Танки, сделав своё дело, вернулись на шоссе и продолжили путь на север, к Коростеню. На насыпи догорали вагоны. Разбитое брюхо паровоза курилось синеватым дымком. По шоссе непрерывным потоком двигались войска. Ребята чувствовали себя на этом громадном лугу, усеянном трупами, единственными живыми существами. Они двинулись на северо-восток, к лесу, куда многие из их товарищей не добрались, расстрелянные и раздавленные танковыми гусеницами. Ползком и перебежками, почти на виду у двигающейся по дороге колонны немцев, минут через тридцать они достигли опушки леса. Углубившись в лес, опустились на мягкую подушку мха у старой сосны передохнуть и осмотреться.

Их потряс ужас только что пережитой кровавой драмы. Только сейчас они осознали, что вполне могли бы лежать на лугу среди десятков таких же молодых ребят-добровольцев с раздавленными черепами и грудными клетками, их внутренности смешались бы с землей и влагу их тел жадно впитывала бы сухая земля. Нервная дрожь сотрясала их тела. Хотелось есть и пить. Единственная фляга, которую они подобрали на лугу, была наполнена водкой. Отпив по глотку из фляги, успокоились. Ни крошки хлеба, ни кусочка сахара. Весь сухой паёк, остатки домашнего припаса остались в вещмешках и сгорели в теплушке.
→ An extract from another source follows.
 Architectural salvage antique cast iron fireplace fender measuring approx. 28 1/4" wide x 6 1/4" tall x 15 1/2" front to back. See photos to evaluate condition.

— Придётся перейти на подножный корм. Я читал, что летом в лесу человек не пропадёт. Есть ягоды, грибы, разные съедобные растения. — сказал Серёжа.
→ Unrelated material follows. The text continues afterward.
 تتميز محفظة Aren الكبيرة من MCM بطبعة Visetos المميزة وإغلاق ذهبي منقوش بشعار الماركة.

— А ты знаешь, какие это грибы и растения? — спросил Миша.

— Н-нет… Но разбнрёмся.

— Нужно выходить к жилью. Там и поедим. — сказал Миша.
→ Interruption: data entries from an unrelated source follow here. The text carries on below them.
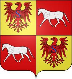 Keywords: Blason de la ville de Flastroff (Moselle).svg blazon of en city of Flastroff Flastroff Moselle Flastroff fr Écartelé au premier et au quatrième d'or à l'aigle de gueules chargée d'une lettre S capitale cousue d'azur au deuxième et au troisième de gueules au cheval d'argent spax89 Projet Blasons Own spax89 v -Blasons other versions Flastroff Contravention of no colour on colour Coats of arms of cities in Moselle SVG coats of arms of France DEFAULTSORT Flastroff |
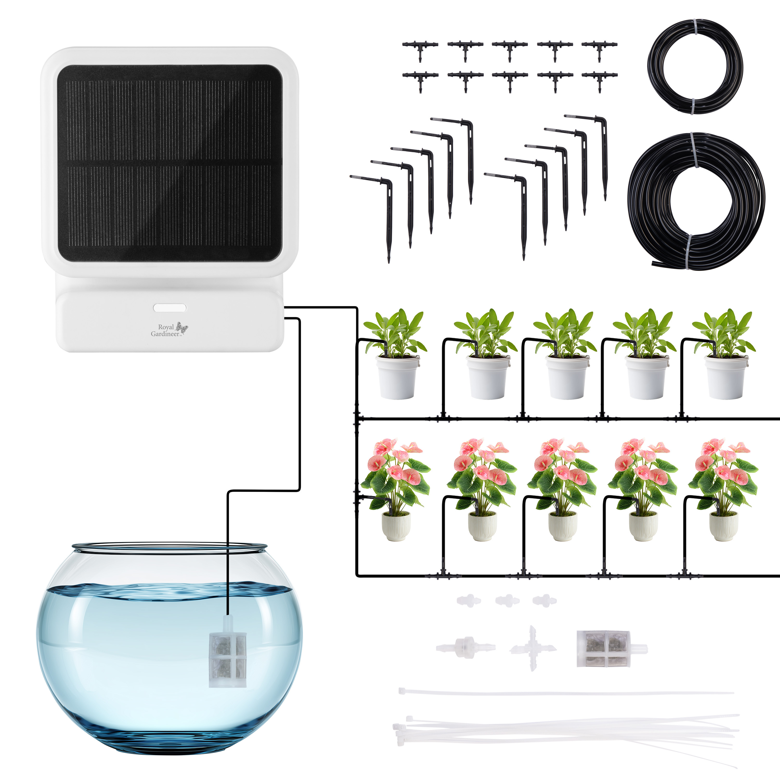 Royal Gardineer Smartes WLAN-Solar-Bewässerungssystem BWC-645 mit Pumpe, 30 l/Std., Akku, App
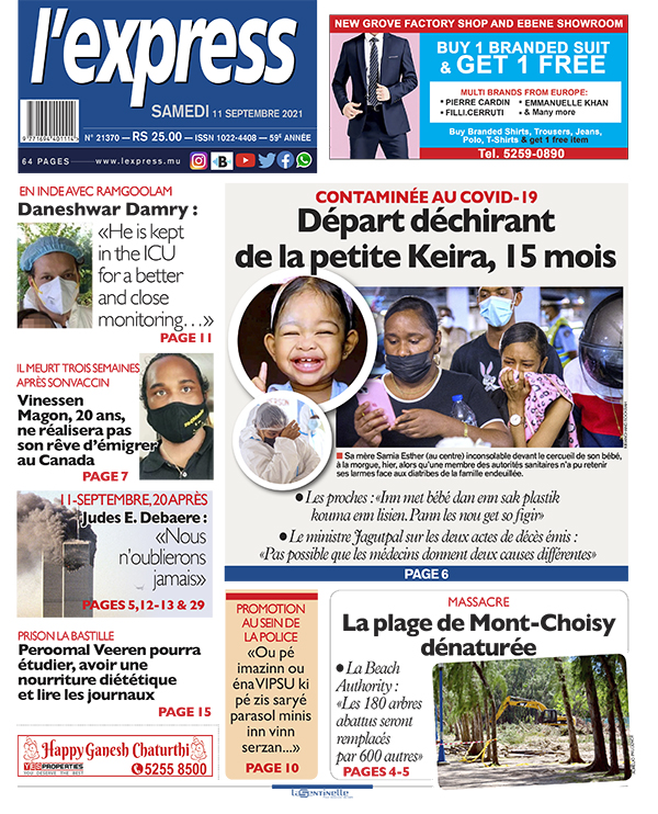 En un de l'express: Contaminée au Covid-19: départ déchirant de la petite Keira, 15 mois ; Autre titre: Promotion à la police: frustrations au sein du GIPM.

— А где жильё? Куда идти? — зло огрызнулся Андрей. — Ни оружия, ни документов. Кто мы? Может дезертиры? Сволочи! Вредители проклятые! Мало их постреляли!

— Не горячись, Андрей. Выйдем к деревне. Поверят нам. Там ведь тоже живут наши советские люди. Колхозники. — заметил Миша.

— Что ты знаешь об этих людях? Мой отец ездил проводить коллективизацию. Я помню, что он рассказывал. Притворялся, что сплю. Может быть они спят и видят во сне, как бы нас сдать первому же немецкому патрулю.

— Прекрати, Андрей. У тебя просто нервное расстройство. Подумаем сейчас, куда идти. А пока вот поешь земляники. Полно её здесь. — Протянул ладонь с ягодами Сергей. — Мы ехали на юг, потому что солнце было с утра слева по ходу поезда. И лес этот шел вдалеке от дороги слева же. Значит, если мы пойдём вдоль опушки на север, выйдем, в конце концов, к нашим. Может быть наткнемся на какой-нибудь просёлок. Если он идёт на север или северо-восток, пойдём по нему. Обязательно выйдем к жилью.

— А если там уже немцы?

— Обойдём. Пойдём дальше.

— А если и там?

— Не язви. Всюду их быть не может. Выйдем, в конце концов, к нашим. А сейчас давайте немного попасёмся на землянике. Нужно взять себя в руки и не распускаться. От тебя-то Андрей, я ждал этого меньше всего. Считаю, что мы увидели, что такое фашисты. Нам с ними предстоит воевать. Для этого мы пошли на фронт добровольцами. Всё.